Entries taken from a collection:

■ ■ ■ ■ ■ ■ ■

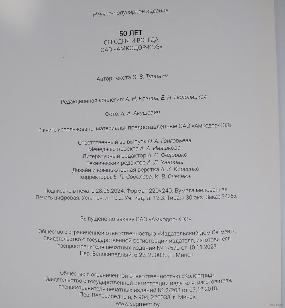 50 лет. Сегодня и всегда. ОАО "Амкодор-КЭЗ" Автор текста И. В. Турович. Минск : Сегмент, 2024 г. 86 с. Твердый переплет. Увелич формат.
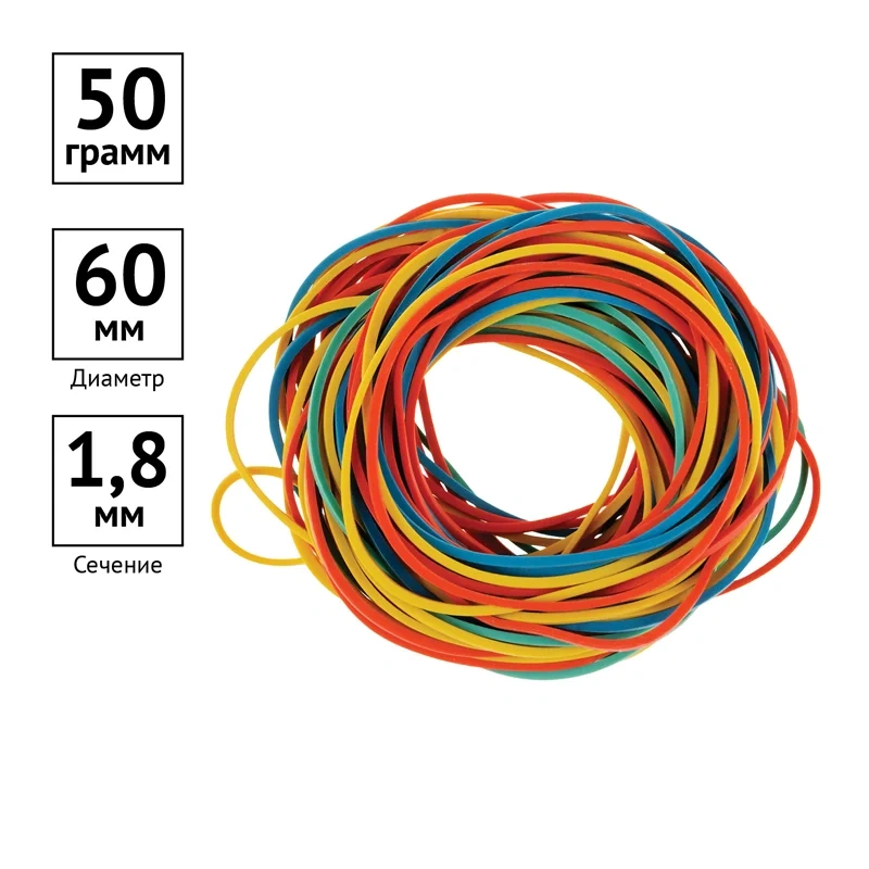 Резинки для денег 60x1мм, 1кг, разноцветные
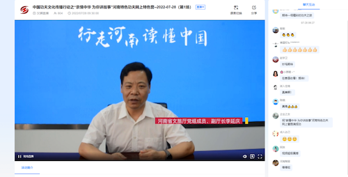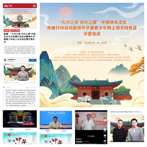 省侨联二级巡视员刘合生,省文旅厅党组成员、副厅长李延庆代表主办方向全球发出了“体验功夫文化,云游大美河南”的诚挚邀请。来自美国、加拿大、法国、西班牙、泰国等15个国家和地区的海外华侨华人社团、华文学校代表、华裔青少年代表及海内外功夫爱好者5000余人云聚线上观看,近千名海外华裔青少年报名参加网上营活动。启动仪式以线上形式举办,通过大象新闻、映象网等新闻媒体平台及视频号、抖音、微赞等网络平台进行直播,河南省文旅厅相关新媒体平台同步直播。
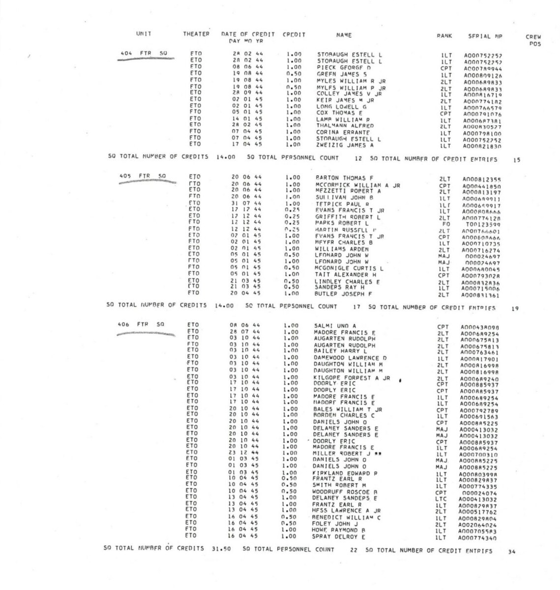 33 12 Dec 1944 1Lt. Francis T. Evans, Jr. 405 0.25 Me-109
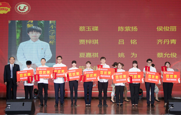 操唯宸等19名同学获“五·四”红旗标兵奖,党委常委许传华颁奖。
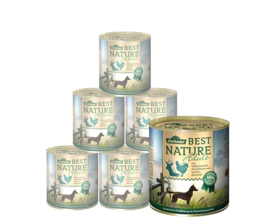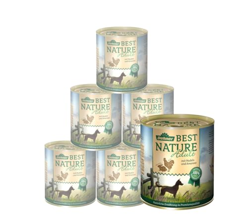 Dehner Best Nature hundmat, våt mat spannmålsfritt, för vuxna hundar, vilt/kyckling/nudlar, 6 x 800 g burk (4,8 kg)
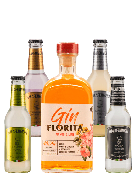 In questa box incredibile trovi 1 Gin Premium Florita Mango e Lime, 2 Lemon Tonic, 2 Tonic Water, 2 Ginger Beer Tonic, 2 Grape Fruit Soda Tonic.
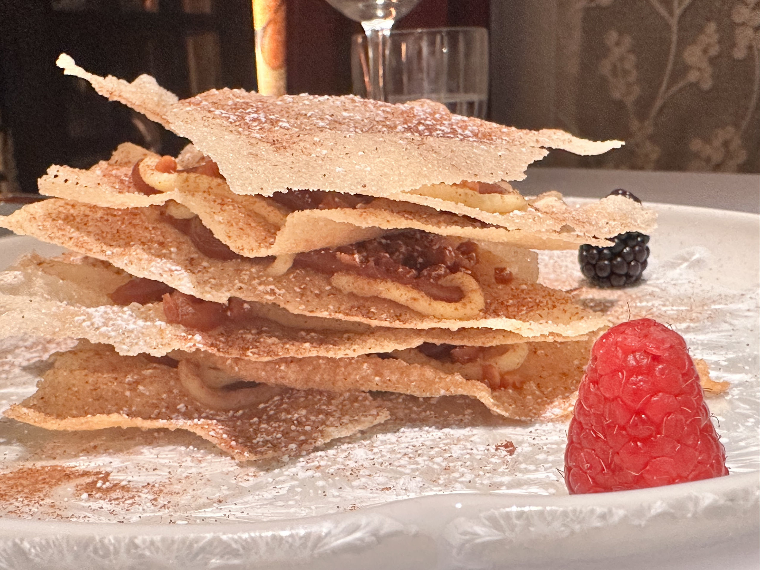 Espectacular tarta milhojas de jengibre con merengue y frutos del bosque que recuerda a la tarta árabe pero superándola.
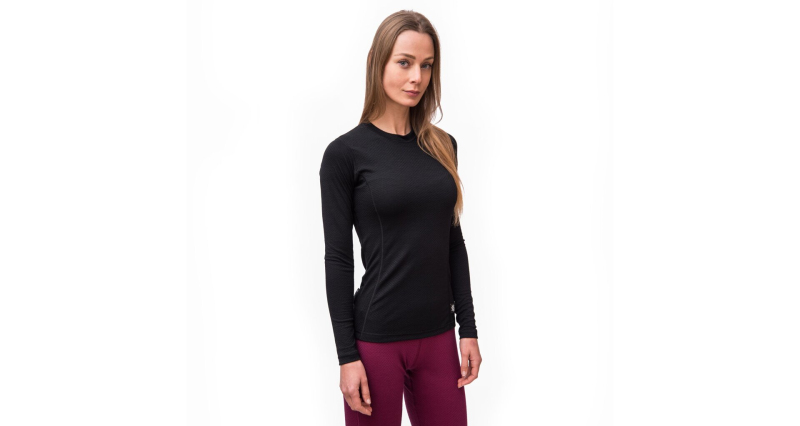 Tričko s dlouhým rukávem vyrobené z úpletu unikátní konstrukce kombinující polyester na vnitřní straně a vysoce kvalitní Merino vlnu z Nového Zélandu.
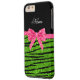 Custom name neon green glitter zebra stripes bow Case-Mate iPhone case
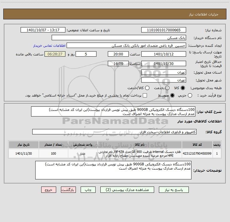 توضیحات خریدار:100دستگاه دیسک الکترونیکی 900GB طبق پیش نویس قرارداد پیوست(این ایران کد مشابه است) عدم ارسال مدارک پیوست به منزله انصراف است
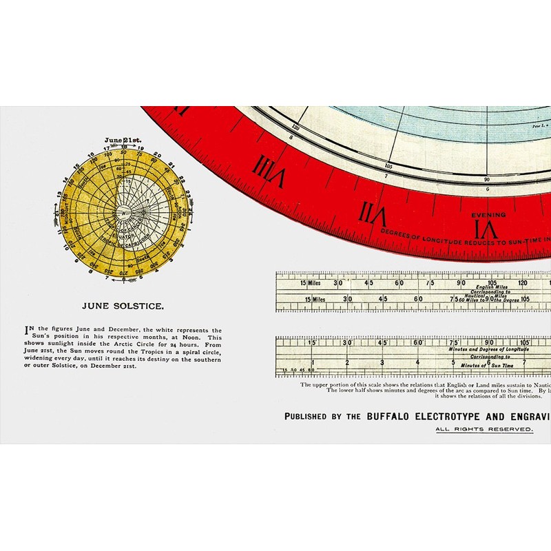 - Map of the globe stretched and flattened into a circular plane. Includes longitude and time calculator and diagrams showing June and December solstices. Border shows "sun-time in minutes."
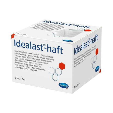 Idealast-haft Idealbinde 6 cm x 10 m ist eine kohäsive, dauerelastische Binde mit kurzem Zug und ca. 90 % Dehnbarkeit. Der beidseitige Hafteffekt sorgt für einen sicheren, rutschfesten Sitz. Durch den hohen Arbeitsdruck bei niedrigem Ruhedruck kann die Binde auch im Ruhezustand getragen werden. Sie ist atmungsaktiv und sterilisierbar (Dampf A 134 °C).
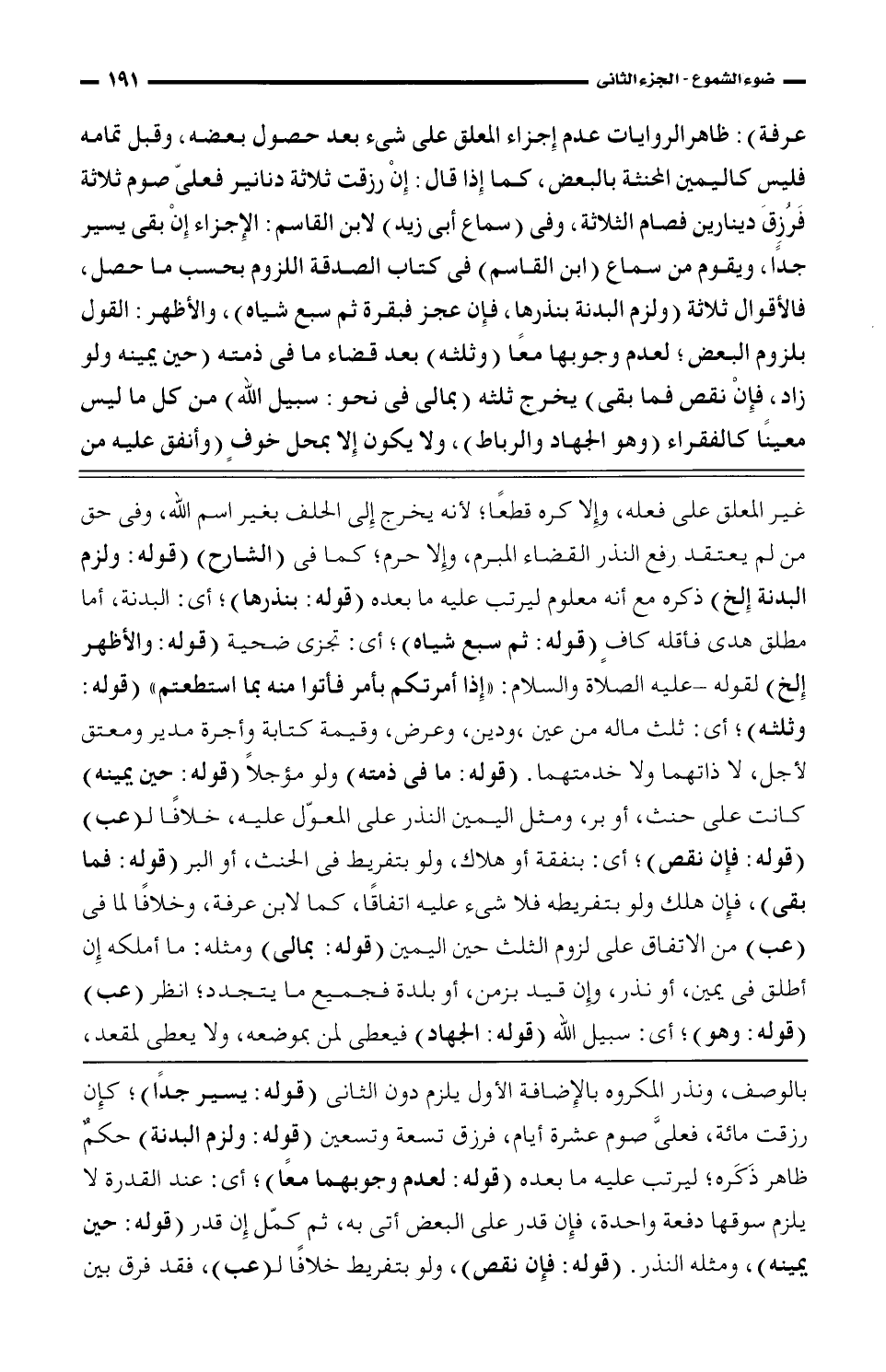 عرفة): ظاهر الروايات عدم إجزاء المعلق على شيء بعد حصول بعضه، وقبل تمامه فليس كاليمين المحنثة بالبعض، كما إذا قال: إن رزقت ثلاثة دنانير فعلي صوم ثلاثة فرزق دينارين فصام الثلاثة، وفي (سماع أبي زيد) لابن القاسم: الإجزاء إن بقى يسير جدًا، ويقوم من سماع (ابن القاسم) في كتاب الصدقة اللزوم بحسب ما حصل، فالأقوال ثلاثة (ولزم البدنة بنذرها، فإن عجز فبقرة ثم سبع شياه)، والأظهر: القول بلزوم البعض؛ لعدم وحوبها معًا (وثلثه) بعد قضاء ما في ذمته (حين يمينه ولو زاد، فإن نقص فما بقى) يخرج ثلثه (بمالي في نحو: سبيل الله) من كل ما ليس معينًا كالفقراء (وهو الجهاد والرباط)، ولا يكون إلا بمحل خوف (وأنفق عليه من
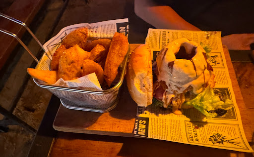 Service: Our server was an aloof young woman who approached our table with a dismissive attitude. she forgot my order for water and i had to remind her. She brought our appetizer AFTER she brought our main courses. She then essentially ignored us for the rest of our meal. she didn’t ask if we wanted dessert and had to be told twice to bring the bill. she ruined my experience at this place. Food: we ordered BBQ wings which had an overly thick sauce. Very unappetizing. I ordered the spaghetti carbonara, and was served a plate of spaghetti noodles with alfredo sauce and bacon bits. in other words, it was not at all spaghetti carbonara. my friend’s burger was good, i think. Atmosphere: the space is cute, but they kept allowing stray dogs from outside to wander the restaurant and beg for food from customers. That is beyond disgusting.
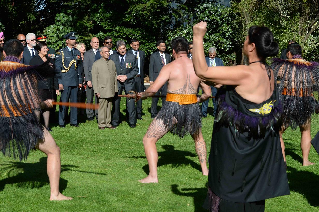 The President of India, Shri Pranab Mukherjee being traditionally Maori Style welcomed by Mr. Gregory Baughen, Official Secretary of the Governor General of New Zealand, at Government House, in New Zealand on April 30, 2016.
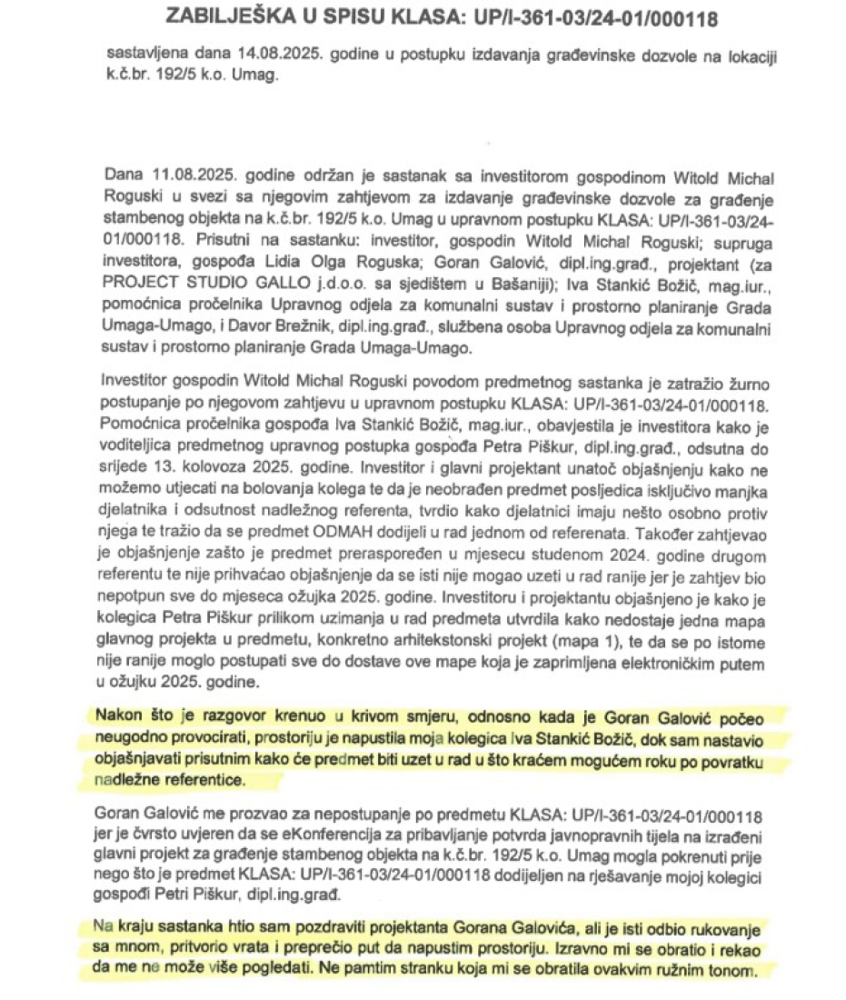 No, nekoliko sati nakon objave njegovog reagiranja, Grad Umag odgovara novim dokumentom – proširenom verzijom iste bilješke. U toj verziji stoji kako je Galović bio neugodan, odbio rukovanje i čak fizički zapriječio izlaz službeniku Brežniku, čime cijela priča poprima sasvim drugačiju dimenziju.

■ ■ ■ ■ ■ ■ ■

§ ABOUT THIS TASK
Once the line with "توضیحات خریدار:100دستگاه دیسک" is found above, print it and every line after it through the line with "Service: Our server", exactly. Pictures stay out.

§ RESULT
 توضیحات خریدار:100دستگاه دیسک الکترونیکی 900GB طبق پیش نویس قرارداد پیوست(این ایران کد مشابه است) عدم ارسال مدارک پیوست به منزله انصراف است
 - Map of the globe stretched and flattened into a circular plane. Includes longitude and time calculator and diagrams showing June and December solstices. Border shows "sun-time in minutes."
 Idealast-haft Idealbinde 6 cm x 10 m ist eine kohäsive, dauerelastische Binde mit kurzem Zug und ca. 90 % Dehnbarkeit. Der beidseitige Hafteffekt sorgt für einen sicheren, rutschfesten Sitz. Durch den hohen Arbeitsdruck bei niedrigem Ruhedruck kann die Binde auch im Ruhezustand getragen werden. Sie ist atmungsaktiv und sterilisierbar (Dampf A 134 °C).
 عرفة): ظاهر الروايات عدم إجزاء المعلق على شيء بعد حصول بعضه، وقبل تمامه فليس كاليمين المحنثة بالبعض، كما إذا قال: إن رزقت ثلاثة دنانير فعلي صوم ثلاثة فرزق دينارين فصام الثلاثة، وفي (سماع أبي زيد) لابن القاسم: الإجزاء إن بقى يسير جدًا، ويقوم من سماع (ابن القاسم) في كتاب الصدقة اللزوم بحسب ما حصل، فالأقوال ثلاثة (ولزم البدنة بنذرها، فإن عجز فبقرة ثم سبع شياه)، والأظهر: القول بلزوم البعض؛ لعدم وحوبها معًا (وثلثه) بعد قضاء ما في ذمته (حين يمينه ولو زاد، فإن نقص فما بقى) يخرج ثلثه (بمالي في نحو: سبيل الله) من كل ما ليس معينًا كالفقراء (وهو الجهاد والرباط)، ولا يكون إلا بمحل خوف (وأنفق عليه من
 Service: Our server was an aloof young woman who approached our table with a dismissive attitude. she forgot my order for water and i had to remind her. She brought our appetizer AFTER she brought our main courses. She then essentially ignored us for the rest of our meal. she didn’t ask if we wanted dessert and had to be told twice to bring the bill. she ruined my experience at this place. Food: we ordered BBQ wings which had an overly thick sauce. Very unappetizing. I ordered the spaghetti carbonara, and was served a plate of spaghetti noodles with alfredo sauce and bacon bits. in other words, it was not at all spaghetti carbonara. my friend’s burger was good, i think. Atmosphere: the space is cute, but they kept allowing stray dogs from outside to wander the restaurant and beg for food from customers. That is beyond disgusting.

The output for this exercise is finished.